On Monday, Senate Majority Leader Harry Reid (D-N.V.) has scheduled the debate on the compromise agreement negotiated between Congressional leaders and President Obama. The final Senate vote on the tax cut bill is expected on Tuesday. If the bill gets the necessary 60 votes for passage in the Senate, it will then go to the House. The House Democrats, who are in the majority until January, have threatened to block the bill. 

“This agreement does two things the economy needs:  prevents a tax increase on all Americans who pay income taxes and provides a foundation for job creation. The failure to move this agreement forward will be a devastating blow to American taxpayers, small businesses and our nation’s economic recovery,” said Rep. Dave Camp (R-Mich.) in a statement. Camp will be Chairman of the Ways and Means Committee, which writes the tax code, when the Republicans take control of the House in January.

The specific provisions in the tax legislation are as follows:

Income Tax: The bill prevents the tax increases which are set to hit every American on January 1. The agreement extends for two years the income tax rates, which were cut by President Bush in 2001 and 2003. The current income tax rates range from 10% – 35%. If these tax cuts are not extended by the end of the month, the income tax rates will range from 15% -39.6%. 

The income tax rates will also stay the same for over $250,000 tax bracket, about half of whom are small business owners who file as individuals. Republicans demanded that these small business owners keep the same tax rates so that they will create new jobs to help alleviate the almost 10% unemployment. 

The agreement also preserves both the marriage penalty relief and the per child tax credit, which were part of the Bush tax cuts in 2001 and 2003. The per child tax credit was set to go down from$1,000 to $500 per child at the end of the month. 

Death Tax:  The estate tax, otherwise known as the death tax, is set to go from 0% this year to 55% for any estate over $1 million in 2011. The tax cut bill has a bipartisan compromise on death tax, which was proposed by Senate Majority Leader Mitch McConnell (R-Ky.). The agreement prevents ten times the number of family owned business and farms from being hit by the death tax. The agreement will exempt all assets up to $5 million from any death tax.  Those estates over $5 million will be taxed at 35% for the next two years. 
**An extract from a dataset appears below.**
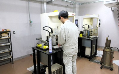 マシニングセンタという機械を操作して、刻印加工を行います。

Alternative Minimum Tax (AMT): The Democrat-controlled Congress did not adjust the AMT limits for inflation this year, making as many as 21 million families at risk of getting hit with an extra $2,000 tax this year. The agreement adjusts for inflation the AMT for 2010 and 2011 to prevent the tax hike on middle class families. 

Capital Gains and Dividends Taxes:  The legislation maintains the current 15% top tax rate on long-term capital gains and qualified dividends. The rates were set to go up to 20% for capital gains and 39.6% for dividends on January 1. 
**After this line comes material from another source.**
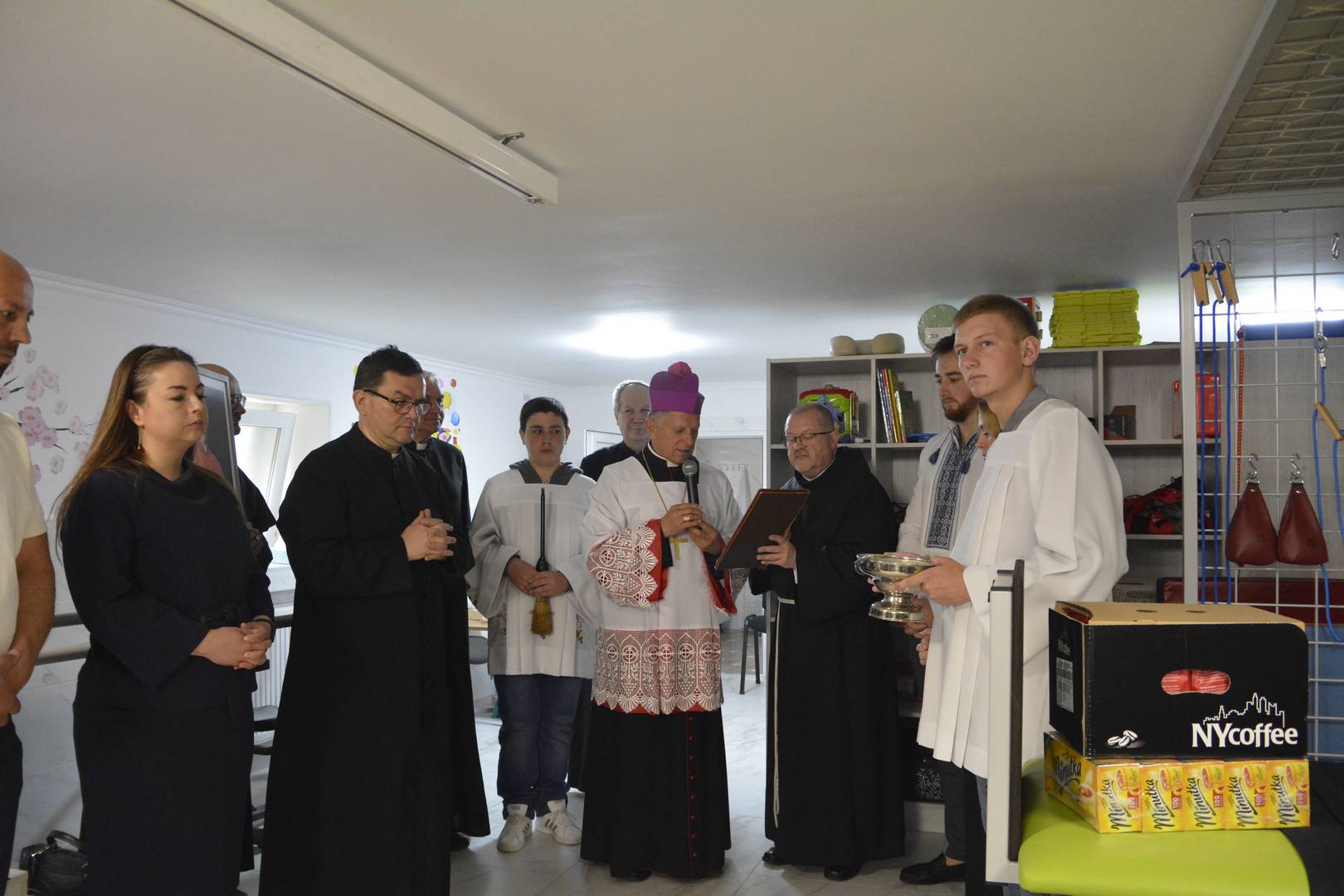 Miejscowy proboszcz ks. Jacek Waligóra podziękował Metropolicie za przybycie i wszystkim, którzy uczynili tę salę użyteczną przestrzenią dla dzieci z mózgowym porażeniem dziecięcym. Proboszcz złożył szczególne podziękowania Fundacji im. Jana Olszewskiego „Pomoc Polakom na Wschodzie”, która sfinansowała powstanie gabinetu, oraz Caritas Polska, dzięki którego wsparciu dzieci otrzymają bezpłatną pomoc fizjoterapeuty i masażysty.

Payroll Tax:  The Republicans demanded to end the President’s Make Work Pay credit, which was in his stimulus spending bill. The agreement replaces Obama’s refundable tax credit with a 2% payroll tax credit for workers for one year. The agreement will reduce by one-third the share of the payroll tax paid by the employee, lowering it to 4.2%. 

To prevent tax hikes on all Americans, the House and Senate must pass the tax relief legislation by December 31. As the lame-duck Democrats are still in the majority in the House, the stumbling block to final passage seems to be whether President Obama can get Speaker of the House Nancy Pelosi (R-Calif.) on board with the compromise. The White House continues to negotiate with the House Democrats to get their votes for the tax relief agreement.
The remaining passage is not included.